Description of problem: In a quorate 3-node cluster, attempts to join the fence domain fail: [root@link-11 root]# cat /proc/cluster/nodes Node Votes Exp Sts Name 1 1 3 M link-10 2 1 3 M link-11 3 1 3 M link-12 [root@link-11 root]# fenced -D Command Line Arguments: name = default debug = 1 fenced: fence_domain_add: init_nodes ccs error -1 [root@link-11 root]# ccs_test connect ccs_connect failed: Connection refused [root@link-11 root]# pidof ccsd 3377 [root@link-11 root]# Version-Release number of selected component (if applicable): [root@link-11 root]# fenced -V fenced DEVEL.1090872651 (built Jul 26 2004 15:11:58) Copyright (C) Red Hat, Inc. 2004 All rights reserved. [root@link-11 root]# ccsd -V ccsd DEVEL.1090872650 (built Jul 26 2004 15:11:54) Copyright (C) Red Hat, Inc. 2004 All rights reserved. How reproducible: Steps to Reproduce: 1. 2. 3. Actual results: Expected results: Additional info:
Raising priority. This is a blocker for doing anything with a filesystem.

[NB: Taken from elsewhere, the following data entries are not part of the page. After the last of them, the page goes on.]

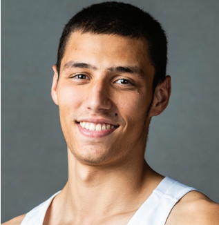
BOISE, IDAHO LINK YEAR

2018-19 SEASON — PPG: 2.6 RPG: 1.1 APG: 0.5 BPG: 0.2 SPG: 0.1 FG%: .400 3FG%: .292 FT%: .593
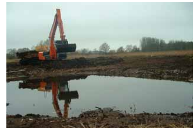
Wetland creation under the Million Ponds Project

If you are interested in creating clean water ponds or ponds for BAP species, please visit: www.pondconservation.org.uk/millionponds
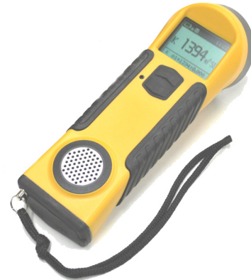
KT-10 v2 Magnetic Susceptibility Meter (Circular Coil)
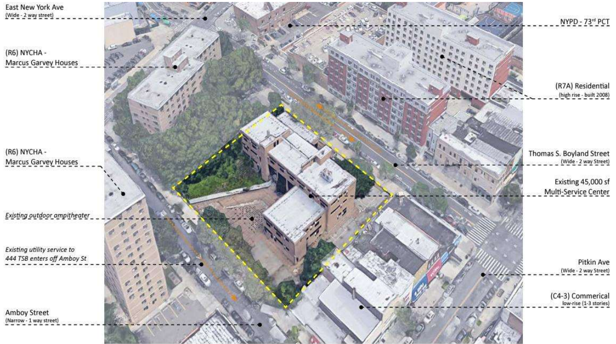
Aerial View, Project Site
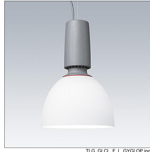
TLG GLCL F L GYGLOP.jpg
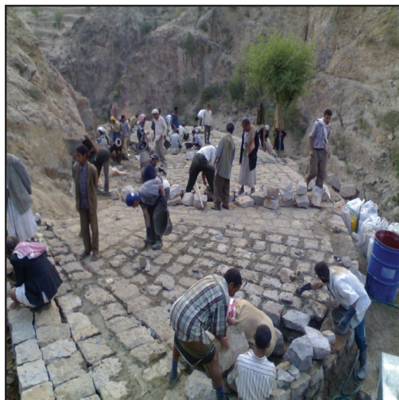
Paving Qaedat bani Masoud- Wisab Al-Aly

Thus, the cumulative number of the Road Sector’s projects reached 796 at an estimated cost exceeding $171 million. These projects benefit directly about 4.3 million people, and generate temporary employment reaching around 8.7 million workdays. These projects are distributed over rural roads (505 projects with a total length of 3,362 km), streets paving (234 projects, with a total area of more than 2.7 million m 2 ), training (54 projects) and bridges (3). During the quarter, 21 projects were visited – distributed over under-implementation projects (to assess the quality of works) and projects from 2012 Annual Work Plan (for assessing targeting quality and conformity to the established criteria). Thus, 246 projects were cumulatively visited.
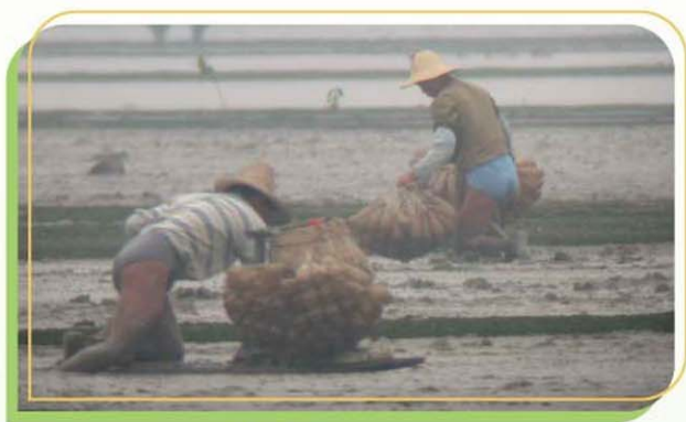
漁民在后海灣捕捉彈塗魚 Fishermen collect mudskippers at Deep Bay area

In addition, the feeding and roosting sites of waterbirds are also disturbed by other human activities such as tourism and mudskipper trapping.
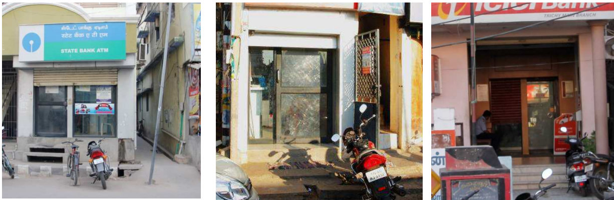
Figure 4: Well-lit ATM facility (vs.) Poorly-lit facility

I can workaround this by running 'ccs_test connect force' on each node before attempting to join the fence domain.
I was able to reproduce this by: 1. forming a quorate cluster 2. on a single node, do cman_tool leave; cman_tool join The descriptor held on the cluster manager was becoming invalid. Now I close the descriptor on cman shutdown and attempt to reconnect when it becomes available again. If this is truly the fix for the problem, it may also address bug 128569
Ok, I needed to do an FD_ZERO(&rset); before populating the variable. This appears to be what was causing this bug, as well as 128569
Works now.
Updating version to the right level in the defects. Sorry for the storm.